Home Page: https://docs.google.com/document/d/1JsVFL44qAQoDbLO2NOSjiuXVBEDEELg-9uv4PNACDLc/edit#

Python 100.00%

person-re-identification's Introduction

Introduction

This is a project for detecting and tracking people in a video and making a list of all unique people that have appeared in the video. If a person appears for some frames and then leaves the video for some time and then reappears later, the model should recognize it's the same person and not count this person for a second time. I have implemented 2 approaches: Tracking and Re-identification.

Additional documentation

Approach 1: Re-identification

This is the code baseline.py. I have combined the model described in the paper An Improved Deep Learning Architecture for Person Re-Identification with the Tensorflow object detection API to perform person re-identification in videos.

The model proposed in the paper uses a CNN to perform person re-identification in static images.

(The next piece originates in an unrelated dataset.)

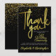 A gorgeous thank you card. This fabulous card features gold effect typography on a black background with gold confetti. Easy to personalize with your own thank you details. The perfect way to say thanks after a 50th wedding anniversary party, or to say thank you for another type of event.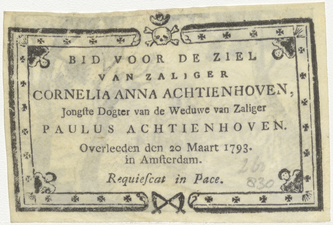 Rust op de vlucht naar Egypte, kz. Bid voor ziel Achtienhoven (+1793);Amsterdam

Given 2 images, the model predicts whether they are of the same person or not. I have used the Tensorflow object detection API to adapt this model for videos. My code processes each frame independently. It runs the Tensorflow object detector on each frame and obtains the bounding boxes for people in that frame. Using the obtained bounding boxes, the people are cropped out and sent to the person re-identification model. The people in the current frame are compared pairwise with all the previously detected unique people. This determines whether the person was previously detected or not. If the person is not matched with any of the previous people, then he/she is added to the list as a new unique person. His/her image is also added to the database of previously detected people so people in the future frames can be compared with this person.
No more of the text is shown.